Goal of the exercise>
Under this line is a listing; return exactly the lines starting at the one with "太强了,这才序章又出新的大漫" and running down to the one with "クレジットカード(またはPayPayなど)を新しくお支払", and leave out its pictures.

Materials provided>
---*---

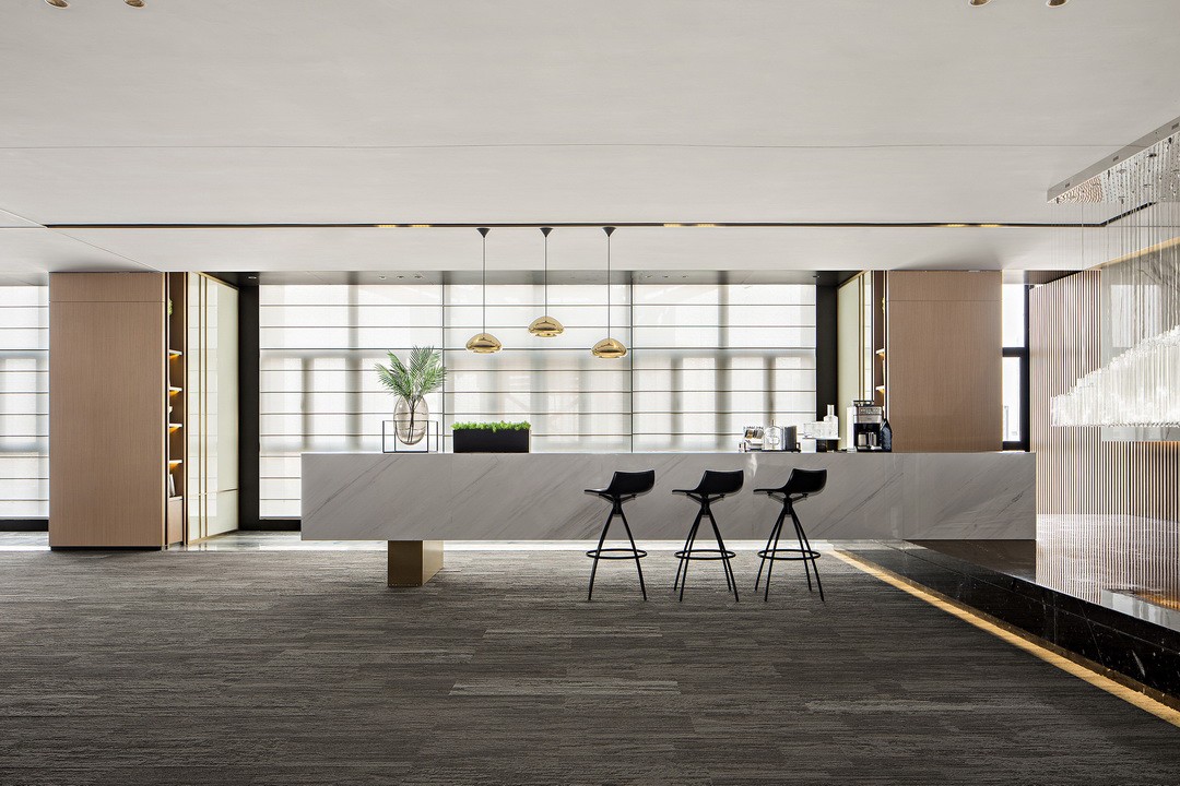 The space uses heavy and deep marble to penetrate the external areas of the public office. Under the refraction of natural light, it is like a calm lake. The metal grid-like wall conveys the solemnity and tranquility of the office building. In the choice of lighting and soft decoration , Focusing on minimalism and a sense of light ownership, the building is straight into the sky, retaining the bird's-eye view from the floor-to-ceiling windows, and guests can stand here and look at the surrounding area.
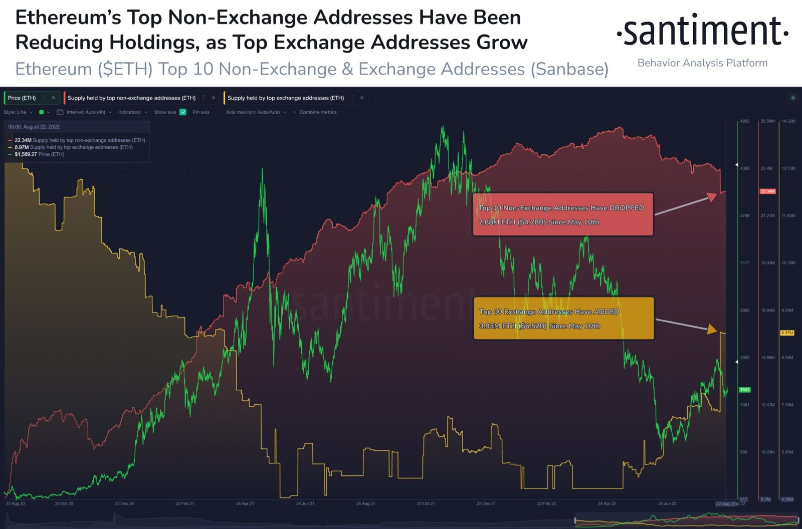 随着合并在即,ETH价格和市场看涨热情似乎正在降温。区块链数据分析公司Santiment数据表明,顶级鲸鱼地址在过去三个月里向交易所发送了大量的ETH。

---*---

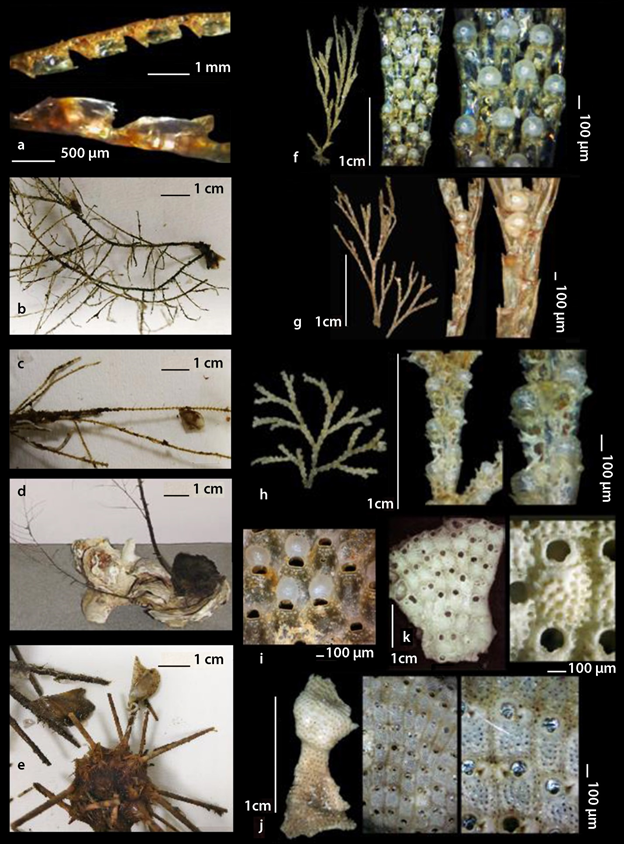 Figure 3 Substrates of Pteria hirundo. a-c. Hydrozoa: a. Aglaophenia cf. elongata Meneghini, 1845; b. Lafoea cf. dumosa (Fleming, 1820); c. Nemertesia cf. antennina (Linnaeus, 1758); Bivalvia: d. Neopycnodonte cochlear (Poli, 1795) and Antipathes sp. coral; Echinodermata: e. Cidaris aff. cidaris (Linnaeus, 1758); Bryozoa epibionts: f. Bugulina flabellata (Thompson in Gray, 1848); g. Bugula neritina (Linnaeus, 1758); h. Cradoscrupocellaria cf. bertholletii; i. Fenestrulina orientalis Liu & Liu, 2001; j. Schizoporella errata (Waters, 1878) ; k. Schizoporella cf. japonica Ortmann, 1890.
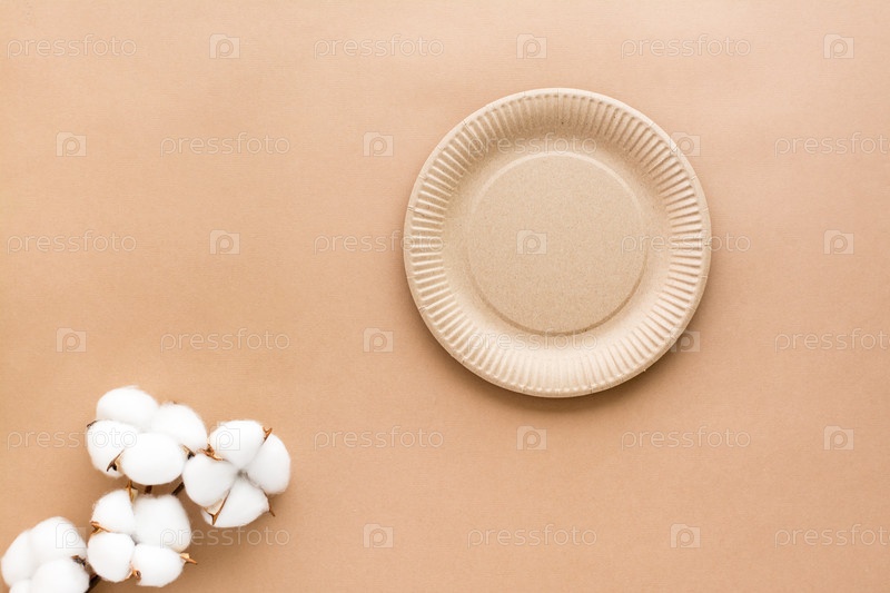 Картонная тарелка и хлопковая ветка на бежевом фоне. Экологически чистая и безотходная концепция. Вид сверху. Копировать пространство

---*---

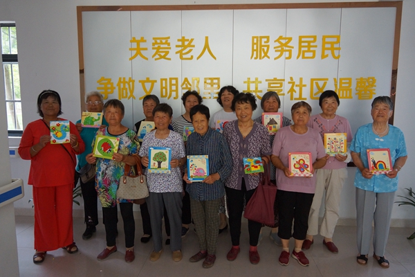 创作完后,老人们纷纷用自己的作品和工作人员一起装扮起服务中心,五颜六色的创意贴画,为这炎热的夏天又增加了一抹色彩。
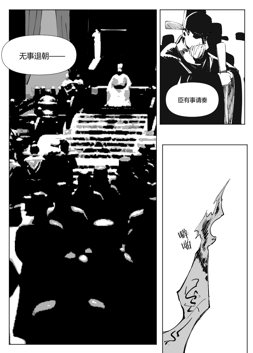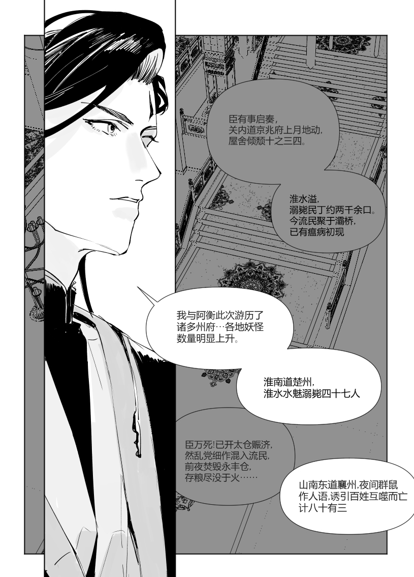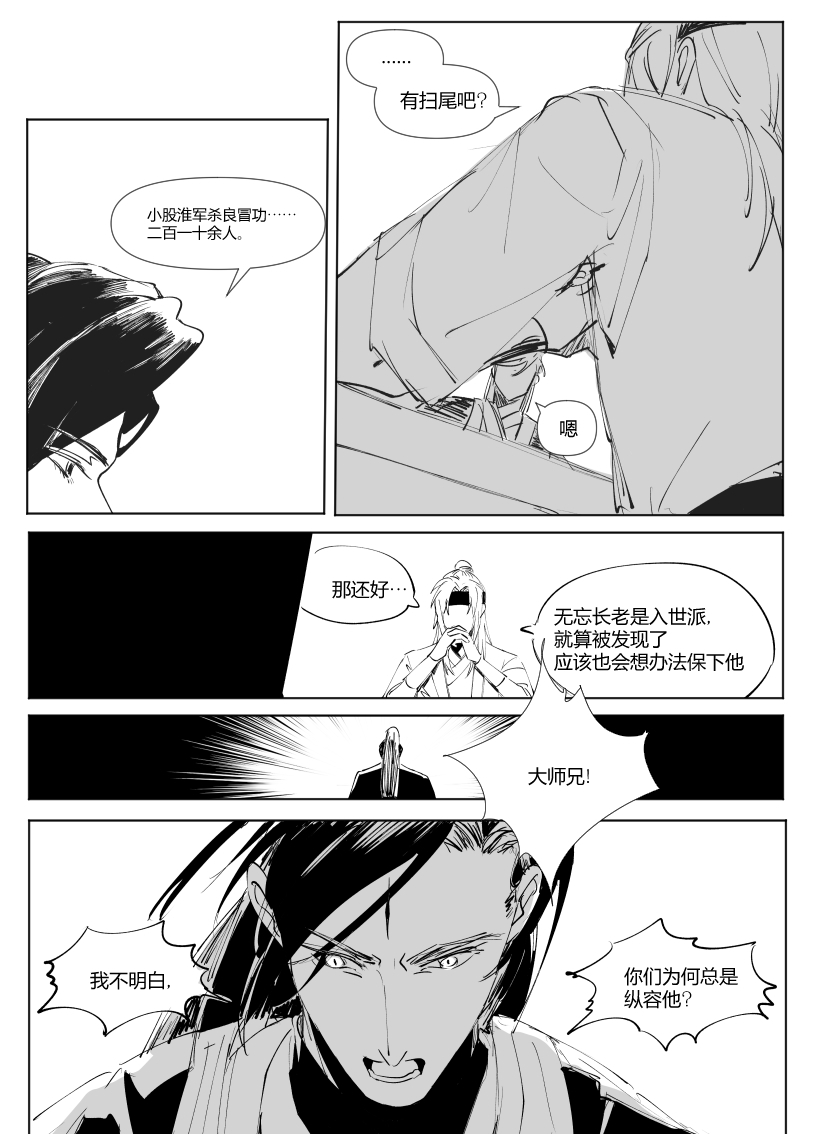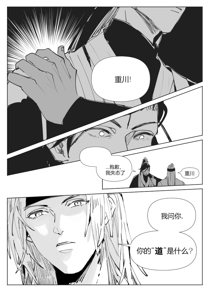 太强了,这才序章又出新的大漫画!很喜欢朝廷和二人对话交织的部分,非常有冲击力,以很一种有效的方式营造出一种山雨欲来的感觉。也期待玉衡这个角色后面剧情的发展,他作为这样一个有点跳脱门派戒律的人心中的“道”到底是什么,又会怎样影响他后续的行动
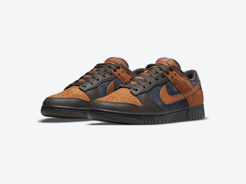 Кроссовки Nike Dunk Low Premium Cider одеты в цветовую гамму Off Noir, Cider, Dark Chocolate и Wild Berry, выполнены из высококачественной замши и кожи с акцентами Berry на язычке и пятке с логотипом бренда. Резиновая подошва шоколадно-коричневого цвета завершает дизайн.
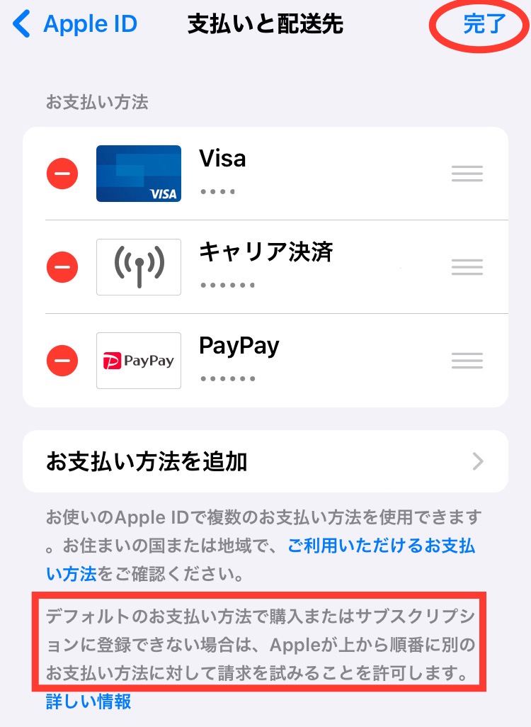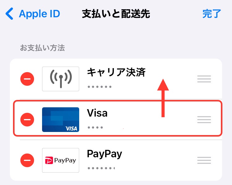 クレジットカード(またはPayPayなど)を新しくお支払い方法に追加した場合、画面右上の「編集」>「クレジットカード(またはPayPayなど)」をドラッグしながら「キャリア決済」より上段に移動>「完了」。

---*---

Result>
 太强了,这才序章又出新的大漫画!很喜欢朝廷和二人对话交织的部分,非常有冲击力,以很一种有效的方式营造出一种山雨欲来的感觉。也期待玉衡这个角色后面剧情的发展,他作为这样一个有点跳脱门派戒律的人心中的“道”到底是什么,又会怎样影响他后续的行动
 Кроссовки Nike Dunk Low Premium Cider одеты в цветовую гамму Off Noir, Cider, Dark Chocolate и Wild Berry, выполнены из высококачественной замши и кожи с акцентами Berry на язычке и пятке с логотипом бренда. Резиновая подошва шоколадно-коричневого цвета завершает дизайн.
 クレジットカード(またはPayPayなど)を新しくお支払い方法に追加した場合、画面右上の「編集」>「クレジットカード(またはPayPayなど)」をドラッグしながら「キャリア決済」より上段に移動>「完了」。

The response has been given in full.